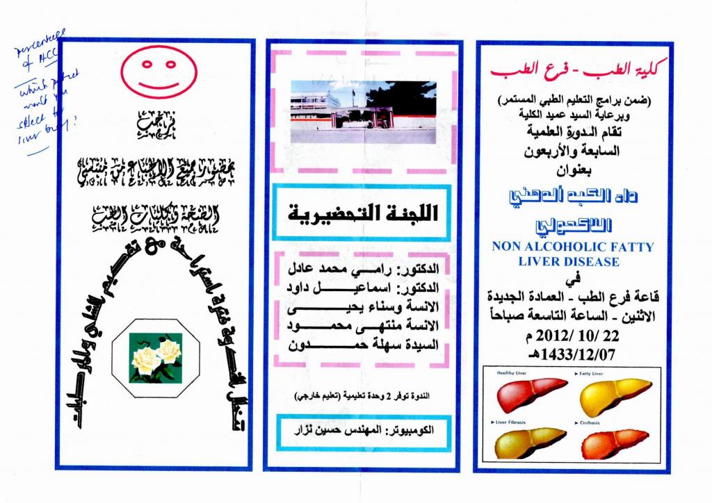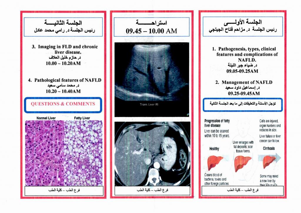 برعاية السيد عميد كلية الطب الدكتور مزاحم فتاح الجيتجي وباشراف الدكتور رامي الحيالي رئيس فرع الطب الباطني اقام فرع الطب الباطني ندوته العلمية الثالثة والاربعين حول مرض الكبد الدهني الاكحولي وذلك يوم الاثنين المصادف 22 تشرين الاول.يعتبر داء الكبد الدهني اللاكحولي من الأمراض الشائعة في العالم ويصاحب عادة بـ "البدانة". هناك دراسات كثيرة حول هذا الداء والذي يعتبر من احد الأسباب الثلاثة الرئيسية لمرض تشمع الكبد (التهاب الكبد الفيروسي، التهاب الكبد الكحولي، داء الكبد الدهني اللاكحولي). هناك عدة مراحل من هذا المرض: المرحلة الأولى: الكبد الدهني البسيط أو الحميد وهذا النوع هو من أكثر الأنواع الشائعة وعادة لا يعاني المريض من أعراض خاصة وفي معظم الأحيان لا يحتاج الى علاج خاص عدا العلاجات التي تعطى لتقليل الوزن وللأمراض المصاحبة مثل ارتفاع ضغط الدم، داء السكري نمط 2، الخلل الناتج من زيادة الدهون الثلاثية وغيرها في الدم، و يطلق على هذه المجموعة المصاحبة اسم "المتلازمة الايضية" والتي غالباّ ما تصاحب هذا الداء. المرحلة الثانية هي مرحلة التهاب الكبد الدهني: في هذه المرحلة يحتاج المريض الى علاجات خاصة مثل الأدوية التي تحفز الأنسولين أو تحفز الاستجابة للانسولين وبالتالي تؤدي الى حرق السعرات الحرارية، وأدوية أخرى مثل فيتامين Eومجموعة الستاتين ( مجموعة من الأدوية تستخدم في علاج ارتفاع الكولسترول وغيرها من الدهونات في الدم)، اضافة الى تغيير في نمط الحياة اليومية من تقليل السعرات الحرارية والرياضة وغيرها. المرحلة الثالثة والمرحلة الرابعة هي من المراحل المتقدمة والتي تصيب القلة من هؤلاء المرضى لا يتجاوز 5 – 10% و تودي الى زيادة التليفات وبالتالي الى تشمع الكبد وما يصاحبها من المضاعفات الأخرى مثل زيادة في الضغط ألبوابي وأورام الكبد الخبيثة.الأعراض والعلامات السريرية: 1. على الأغلب لا يعاني المريض من أعراض خاصة بسب المرض وخاصة في المراحل الأولى من المرض ولكنه قد يعاني من ارتفاع ضغط الدم، داء السكر، ارتفاع نسبة الدهون في الدم اضافة الى البدانة و كما أسلفنا آنفا.2. قد يلاحظ عند فحص المريض وجود تضخم في الكبد.3. في الحالات الاكثر تقدما يعاني المريض من كسل وإعياء ونحول عام.4. في المراحل المتقدمة تظهر أعراض وعلامات أخرى كبقية أمراض الكبد المزمنة.التشخيص:بعد الاشباه بوجود المرض وخاصة بوجود اعراض وعلامات " التناذر الايضي" وتستخدم الوسائل التالية لاثبات التشخيص:· فحوصات وظائف الكبد.· التصوير الطبي ألشعاعي.· خزعة الكبد والفحص النسيجي: تعتبر هذه الوسيلة من أهم الوسائل والأكثر اعتماداّ في التشخيص.مكان انعقاد الندوة:كلية الطب – بناية العمادة الجديدة – قاعة فرع الطب.تاريخ انعقاد الندوة:22 /10/2012 وبحضور السيد عميد الكلية.المدة والوقت:ساعتان من 9 صباحاّ – 11 صباحاّالفئات المستهدفة: 1. التدريسيون في فروع كلية الطب وخاصة في الفروع السريرية.2. الأطباء العاملون في المستشفيات التعليمية.3. طلبة الدراسات العليا (البورد العراقي والعربي).4. طلبة المرحلة السادسة في كلية الطب.عد الحضور:70 سبعون.عدد الجلسات العلمية:2رؤساء الجلسات:الجلسة الأولى:الدكتور مزاحم فتاح الجيتجي.الجلسة الثانية:الدكتور رامي محمد عادلالمحاضرون:الدكتور: ضياء جبر الليلة – استاذ مساعد في فرع الطب.الدكتور: إسماعيل داود – استاذ مساعد في فرع الطب.الدكتور: حازم خليل العلاف – استاذ مساعد ورئيس فرع الاشعة.الدكتور: محمد سامي مدرس في فرع علم الأمراض.الأهداف:اطلاع المشاركين في الندوة على المستجدات الحديثة في التشخيص والعلاج لداء الكبد الدهني اللاكحولي.البرنامج العلمي:كلمة الافتتاح:للسيد رئيس فرع الطب الدكتور رامي محمد عادل.الجلسة الأولى:تضمنت المحاور التالية: التعريف العلمي للمرض، المسببات والصور السريرية للمرض و التشخيص التفريقي للمرض و مضاعفات المرض. ألقاها المحاضر الدكتور ضياء جبر الليلة. أما المحاضرة الثانية التي ألقاها الدكتور حا
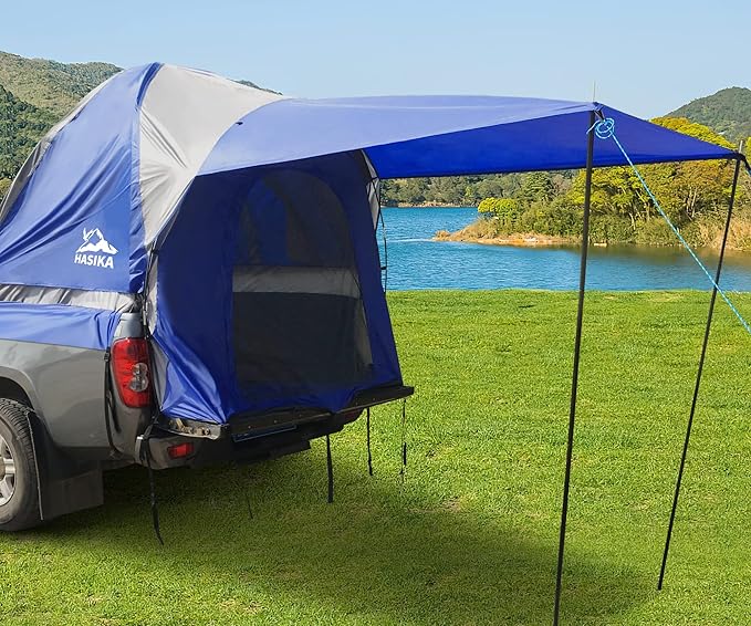 - Double Layer Protected: This truck tent comes with a well-constructed rainfly, it provides ultimate weather protection.If you're looking to do a quick camping trip,Hasika truck tent is the best choice.Any issue about setting up ,poles ,accessories,just feel fr ee to contact us ,we will make you happy.
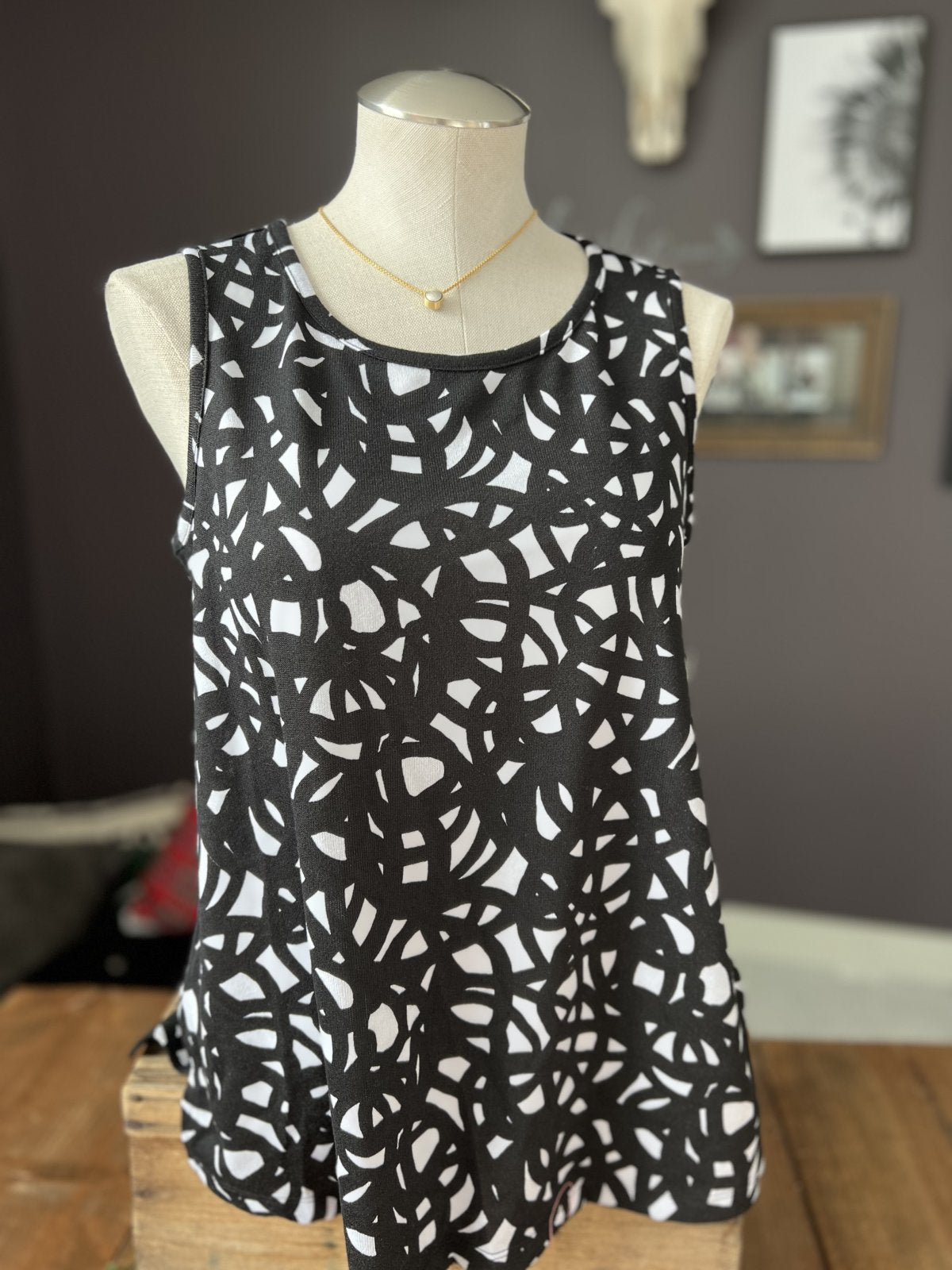 Classy print that layers well or can be worn all its self...pair with your favorite white or black ankle pant
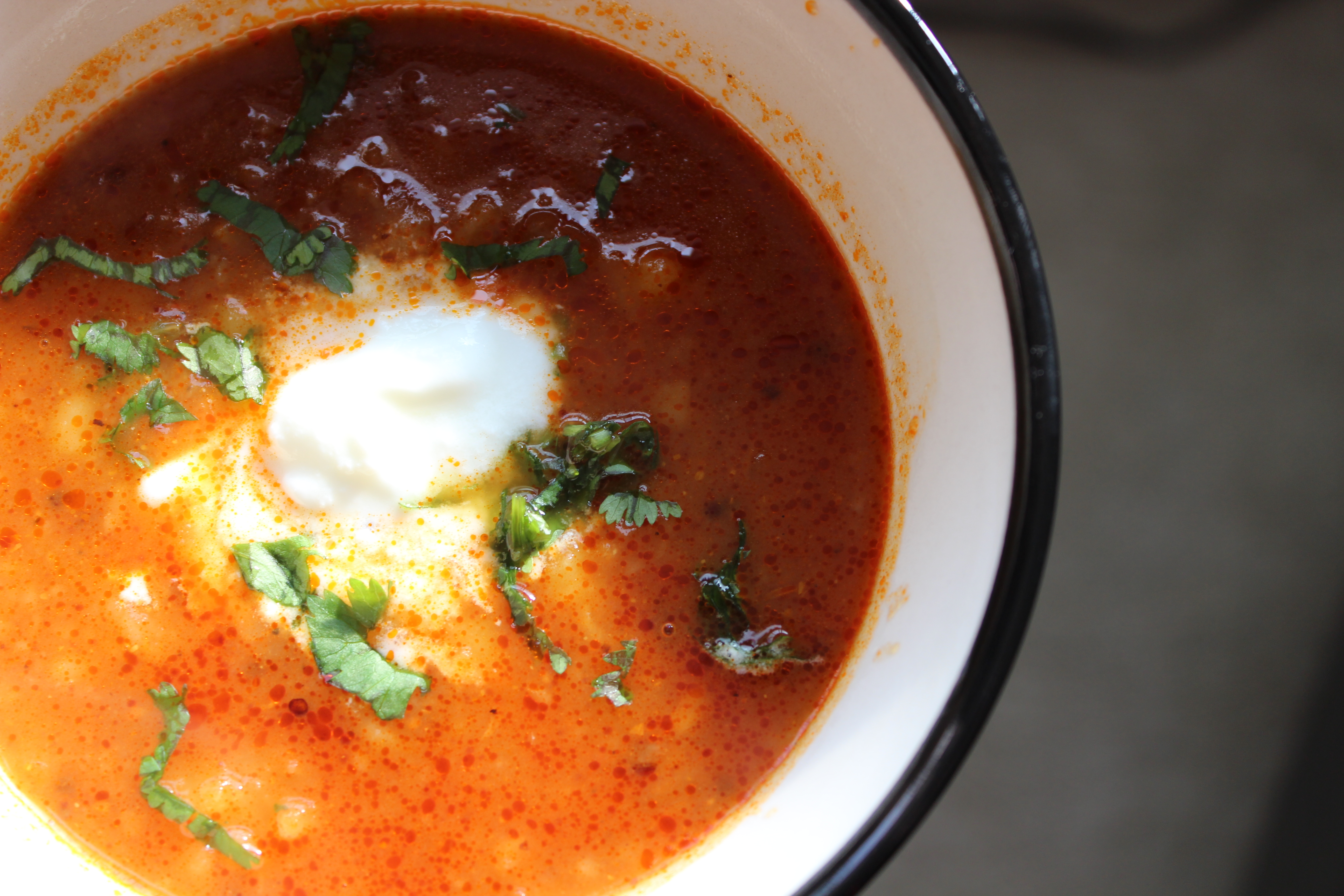 This potato curry is simple but delicious. The spicy tomato broth steams of cumin and garam masala, and the potatoes are tender and hearty. You can eat this alone, or serve it with rice, naan (traditional Indian flatbread), or a crusty bread that you might pair with any other soup. It’s quite versatile, too: leave out the cilantro if you like, omit the cayenne or increase it to add heat, or play around with the spices. I like this served with a large dollop of plain yogurt, which cools the spiciness and adds a nice creaminess to the dish.
----
What is needed:
Extract exactly the lines above from the line containing "- Double Layer" through the last one, both ends included, but not the pictures.

Written reply:
 - Double Layer Protected: This truck tent comes with a well-constructed rainfly, it provides ultimate weather protection.If you're looking to do a quick camping trip,Hasika truck tent is the best choice.Any issue about setting up ,poles ,accessories,just feel fr ee to contact us ,we will make you happy.
 Classy print that layers well or can be worn all its self...pair with your favorite white or black ankle pant
 This potato curry is simple but delicious. The spicy tomato broth steams of cumin and garam masala, and the potatoes are tender and hearty. You can eat this alone, or serve it with rice, naan (traditional Indian flatbread), or a crusty bread that you might pair with any other soup. It’s quite versatile, too: leave out the cilantro if you like, omit the cayenne or increase it to add heat, or play around with the spices. I like this served with a large dollop of plain yogurt, which cools the spiciness and adds a nice creaminess to the dish.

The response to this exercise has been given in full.